» EXERCISE REQUIREMENTS: When you return the lines below, go from the first through the line with "The door appears", keep them exact, and leave out every picture.

» RECORDS SHOWN:
____

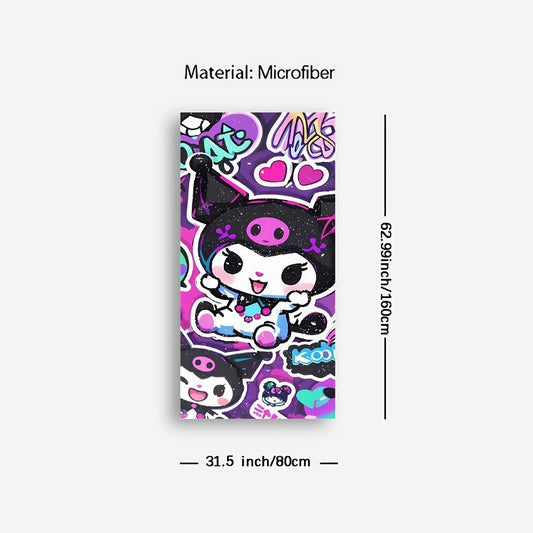 1pc Sanrio Kuromi Cartoon Beach Towel - Quick-Dry Microfiber Oversized Bath & Beach Towel with Vibrant Purple & Pink Anime Design, Hearts, Stars & Playful Phrases for Pool, Travel, Bath, Poolside Accessory, Playful Design, Qu
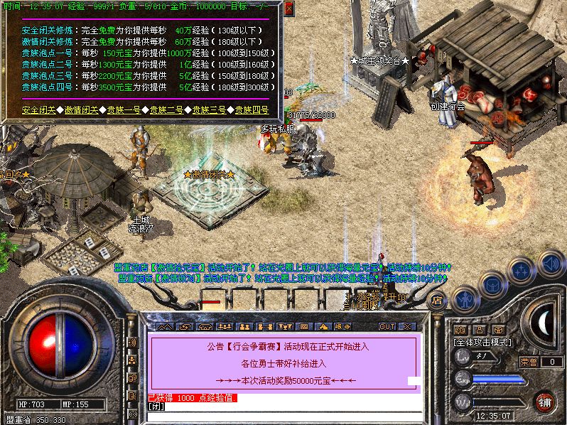 首次攻沙大家不用交头像,沙城老大奖励100万元宝以致鼓励!!本游戏最高等级限制300级、升级快、装备好打、无法替代的PK快感、本服活动多多,精彩不容错过!
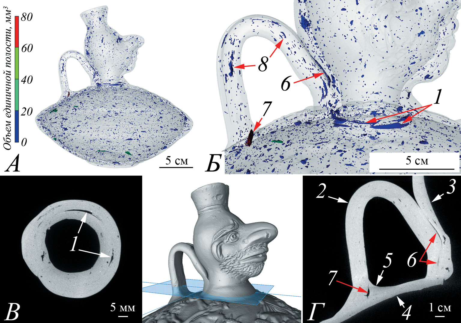 Рис. 6. Результаты рентгеновской томографии лагиноса: А – расположение полостей внутри стенок сосуда; Б – крупные полости в местах крепления ручки и головы; В – область крепления головы на тулове с положением секущей плоскости; Г – крепление ручки сосуда к тулову. 1 – полости между верхней частью тулова и головой; 2 – ручка; 3 – задняя стенка головы; 4 – верхняя часть тулова; 5 – дополнительный клиновидный фрагмент керамической массы для фиксации ручки; 6 – полости между ручкой и головой; 7 – полость между клиновидным фрагментом керамики и ручкой; 8 – продольные полости внутри ручки.
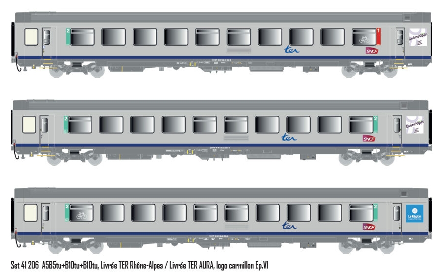 Coffret de 3 voitures Corail Vtu, SNCF livrée Rhône-Alpes
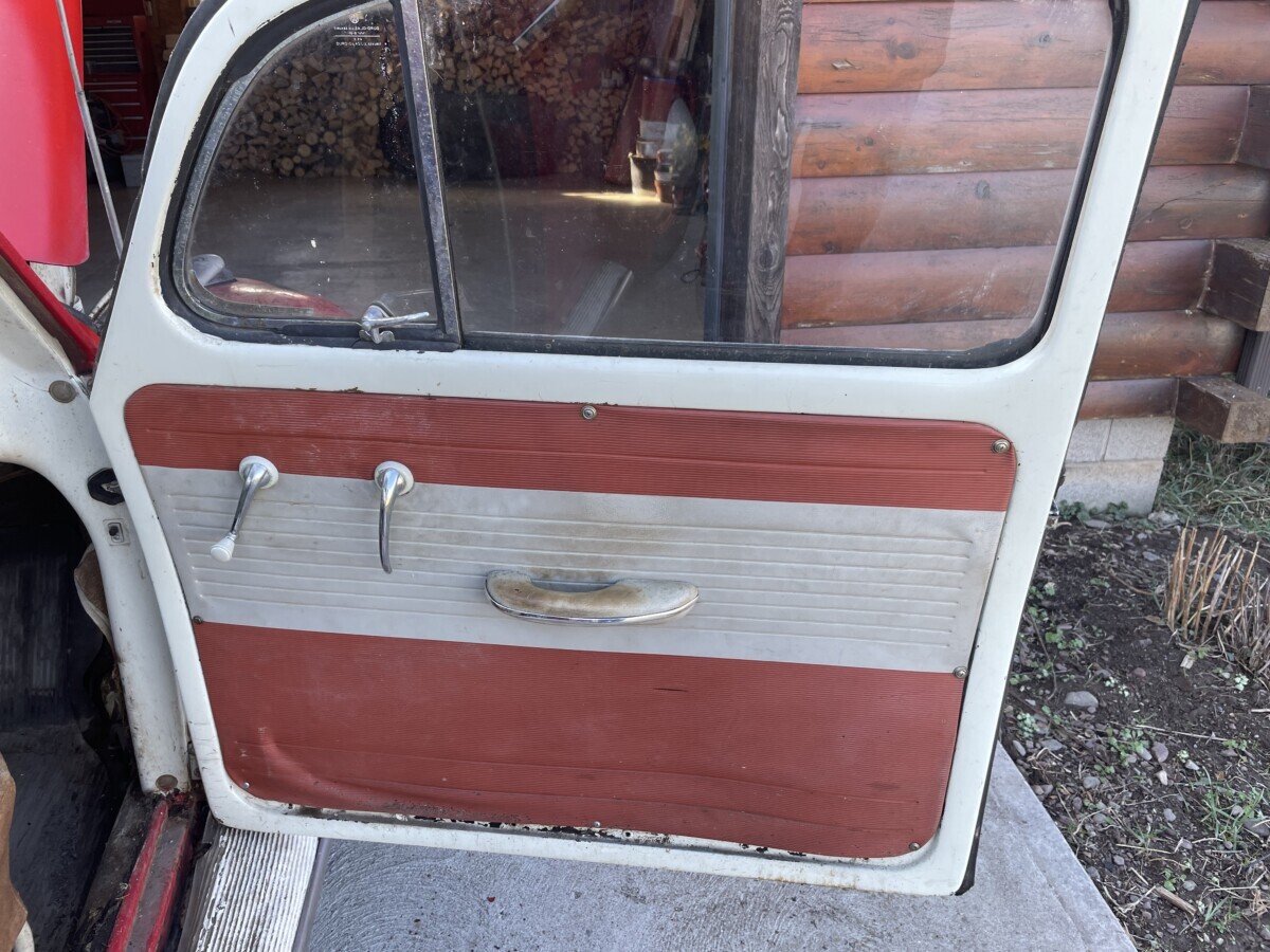 The door appears to be from a ’64 or earlier. The ’65 on cars had slightly larger windows, a very slight curve to the windshield and an angled vent window.
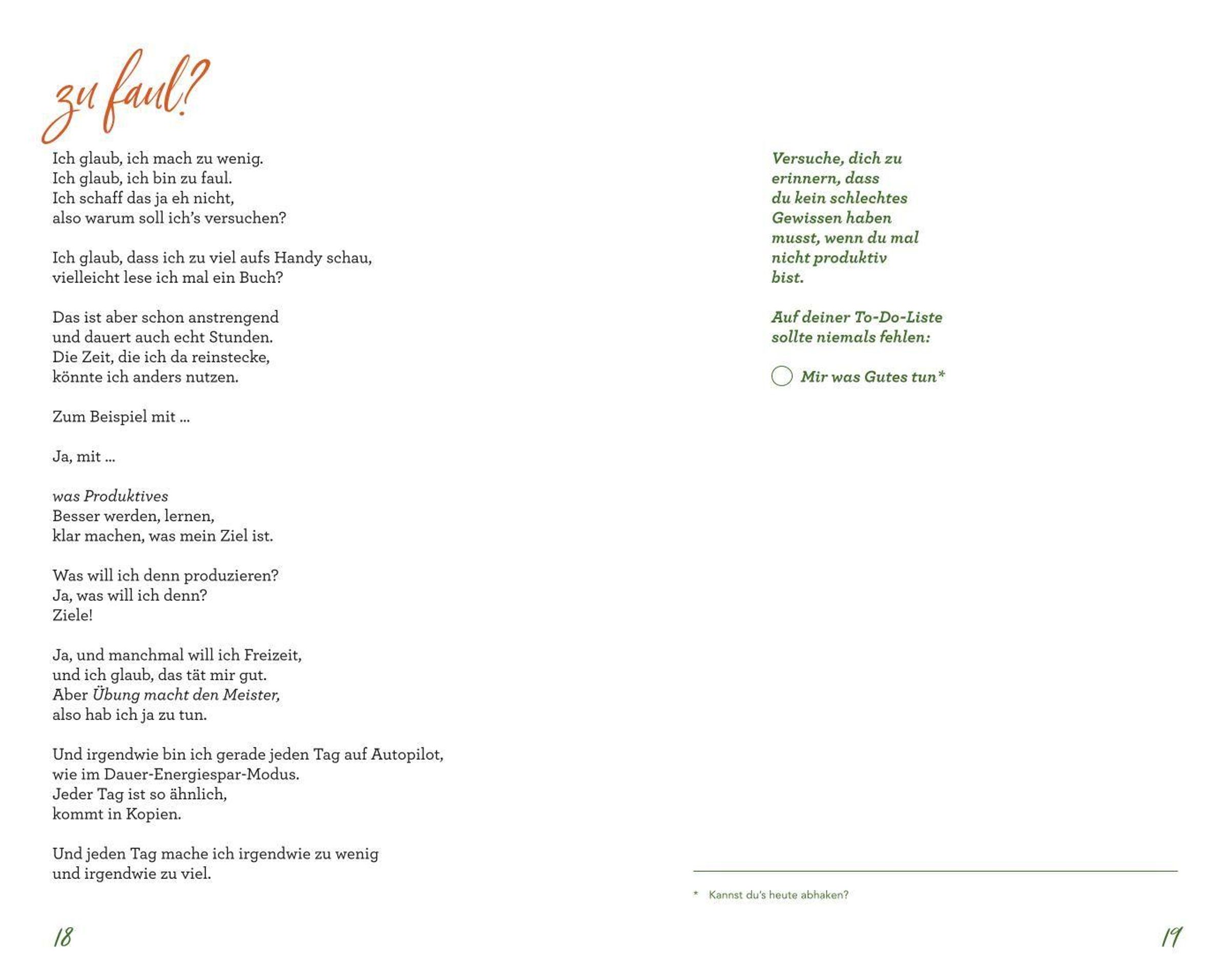 Gedichte, die dich alles fühlen lassen: Diese Lyrik-Sammlung schenkt dir den Raum, deine Gefühle zu sehen, zu hören und anzunehmen. Mit feinfühligen Gedichten und ehrlichen Worten erkundet Maja Elisabeth Wulff (@majaspoesie, 100.000 Follower) die bittersüßen Facetten des Erwachsenwerdens, die Verstrickungen der Liebe, die Suche nach Identität und unsere Mental-Health-Herausforderungen. Ihre Texte sprechen Wahrheiten aus, die man sich selbst vielleicht noch nicht eingestehen kann und erinnern daran, dass alle Gefühle erlaubt sind. Und dass es irgendwann leichter wird. Vielleicht sogar wunderschön. Nach jedem Gedicht wartet eine Frage, die zum Nachdenken anstößt und Türen zur eigenen Gedankenwelt öffnet.

____

» EXPECTED OUTPUT:
 1pc Sanrio Kuromi Cartoon Beach Towel - Quick-Dry Microfiber Oversized Bath & Beach Towel with Vibrant Purple & Pink Anime Design, Hearts, Stars & Playful Phrases for Pool, Travel, Bath, Poolside Accessory, Playful Design, Qu
 首次攻沙大家不用交头像,沙城老大奖励100万元宝以致鼓励!!本游戏最高等级限制300级、升级快、装备好打、无法替代的PK快感、本服活动多多,精彩不容错过!
 Рис. 6. Результаты рентгеновской томографии лагиноса: А – расположение полостей внутри стенок сосуда; Б – крупные полости в местах крепления ручки и головы; В – область крепления головы на тулове с положением секущей плоскости; Г – крепление ручки сосуда к тулову. 1 – полости между верхней частью тулова и головой; 2 – ручка; 3 – задняя стенка головы; 4 – верхняя часть тулова; 5 – дополнительный клиновидный фрагмент керамической массы для фиксации ручки; 6 – полости между ручкой и головой; 7 – полость между клиновидным фрагментом керамики и ручкой; 8 – продольные полости внутри ручки.
 Coffret de 3 voitures Corail Vtu, SNCF livrée Rhône-Alpes
 The door appears to be from a ’64 or earlier. The ’65 on cars had slightly larger windows, a very slight curve to the windshield and an angled vent window.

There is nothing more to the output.